Age, body mass index (BMI), sex, and smoking habits have been implicated in SARS-CoV-2 infection and disease outcomes (23–29). We detected no significant differences between these variables among vRNA-negative (vRNA−) and vRNA-positive (vRNA+) individuals (Table 3). Viral RNA levels from N1-positive samples were not dependent on age, BMI, sex, smoking habits, or job code (Fig. S2).
TABLE 3.
Characteristic | Value [mean (range) or % (no. who answered “yes”/no. who answered the question)] for individuals who werea: |
P valueb | |
---|---|---|---|
vRNA− (n = 453) | vRNA+ (n = 91) | ||
Age | 41 (17–76) (n = 453) | 41 (16–72) (n = 91) | 0.7645† |
BMI | 28.7 (17.8–46.6) (n = 190) | 28.2 (20.8–43.0) (n = 51) | 0.3265† |
Current smokers | 21.2 (40/190) | 16.3 (8/49) | 0.5516‡ |
Former smokersc | 20.0 (28/190) | 24.5 (12/49) | 0.1315‡ |
Marijuana smokers | 5.3 (10/188) | 6.1 (3/49) | 0.7348‡ |
Tobacco-based vape product users | 6.3 (12/189) | 4.2 (2/48) | 0.7412‡ |
Total numbers for age was available for all individuals of entire cohort, whereas only a smaller subset completed the survey reporting BMI, smoking habbits, and symptoms.
†, t test; ‡, Fisher’s exact test.
Former smoker refers to those who answered “Yes” to “are you a former smoker?” and “No” to “Do you currently smoke cigarettes?”
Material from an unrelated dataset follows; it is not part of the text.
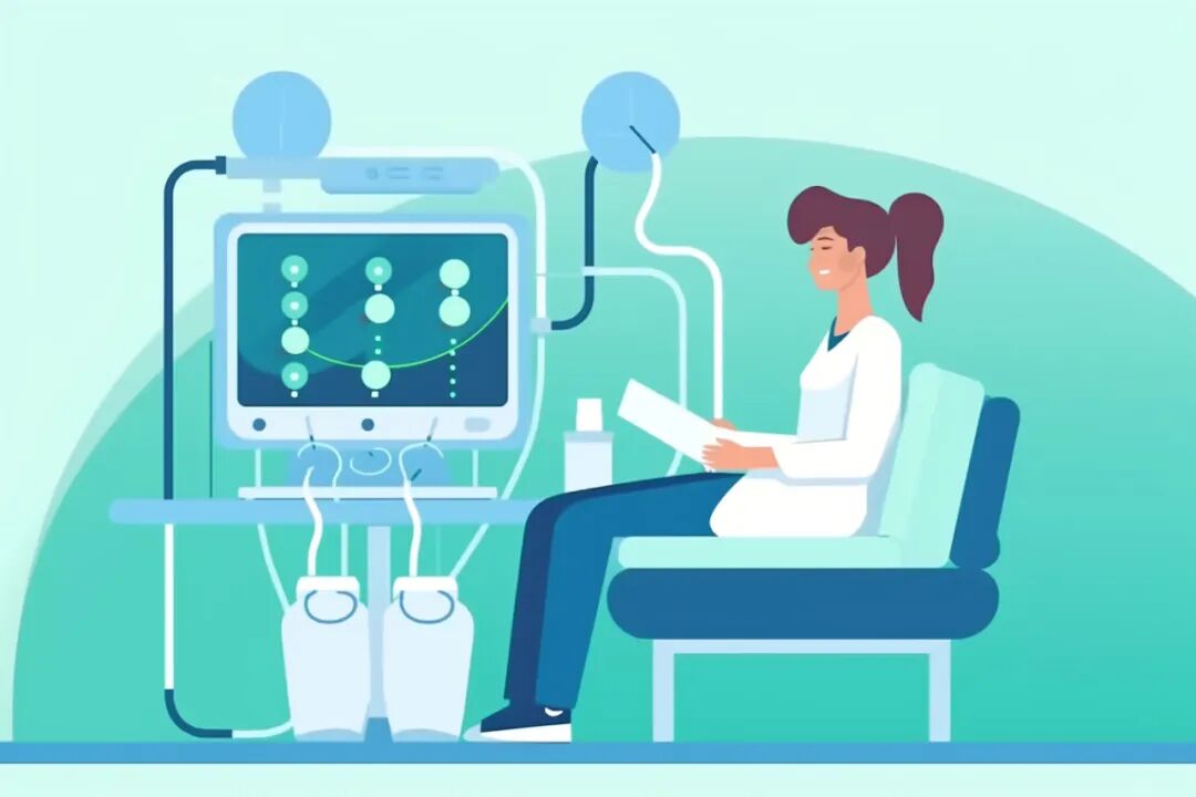 治疗前,护士会先核对患者信息,用生理盐水冲洗透析管路和透析器,确保设备无菌;接着对血管通路部位(如内瘘手臂)进行消毒,然后穿刺内瘘(或连接中心静脉导管),将患者的血液通过无菌管路引入透析机。

Symptom status differed based on SARS-CoV-2 infection status.
A subset of study participants (n = 191 vRNA−, n = 51 vRNA+) responded to a survey to capture their recollection of developing COVID-19-related symptoms before, during, and after the study period (Table 4) (30). All symptoms were significantly more frequent among infected participants. Cough and fever >100.4°F, two symptoms commonly used for COVID screening, were reported in 48% and 24% of infected participants, compared to 14.3% and 7.4% in uninfected individuals. Other symptoms, such as the loss of taste and smell (ageusia and anosmia), were significantly associated with SARS-CoV-2 infection (reported in 2.1% of vRNA-negative and 51.0% of vRNA-positive individuals), consistent with other reports (31).
TABLE 4.
Symptom | % reporting symptom among individuals who were: |
P value | |
---|---|---|---|
vRNA− | vRNA+ | ||
Cough | 14.3 | 48.0 | <0.001 |
Dyspnea | 8.9 | 41.2 | <0.001 |
Fever >100.4°F | 7.4 | 24.0 | 0.0035 |
Chills/shaking | 5.9 | 40.0 | <0.001 |
Muscle pain | 10.6 | 54.9 | <0.001 |
Headache | 22.8 | 60.8 | <0.001 |
Sore throat | 10.7 | 43.1 | <0.001 |
Ageusia/anosmia | 2.1 | 51.0 | <0.001 |
Diarrhea | 5.9 | 36.0 | <0.001 |
Nasal congestion | 16.4 | 42.0 | <0.001 |
Nausea/vomiting | 7.7 | 25.0 | 0.002 |
Symptom status and severity were related to SARS-CoV-2 infection.
More vRNA-positive individuals recalled the development of symptoms than vRNA-negative individuals (P < 0.001) (Fig. 3A). Almost 80% of vRNA-negative individuals recalled experiencing 0 to 1 symptoms, whereas vRNA-positive individuals evenly recalled a range of symptoms (Fig. 3B). Twenty-seven percent of vRNA-positive individuals reported never developing symptoms, and 41% reported 2 or fewer symptoms (Fig. 3C). Severity was scored for each symptom (0, no symptom; 1, mild; 2, moderate; 3, severe). A total symptom severity score was calculated by adding the severity scores for each of the 11 symptoms, resulting in a severity score between 0 and 33 for each participant. The severity scores were compared between vRNA-negative and positive individuals. The average symptom severity score was significantly higher in vRNA-positive individuals (P < 0.001) (Fig. 3D). Over 70% of vRNA-negative individuals had a symptom severity score of 1 or less, whereas vRNA-positive individuals had an evenly broad range of scores (Fig. 3E). Among vRNA-positive individuals, total symptom scores were not correlated with N1 vRNA levels (Fig. 3F). N1 vRNA levels were stratified by severity for each symptom. N1 vRNA did not predict the severity of any symptom independently (Fig. S3).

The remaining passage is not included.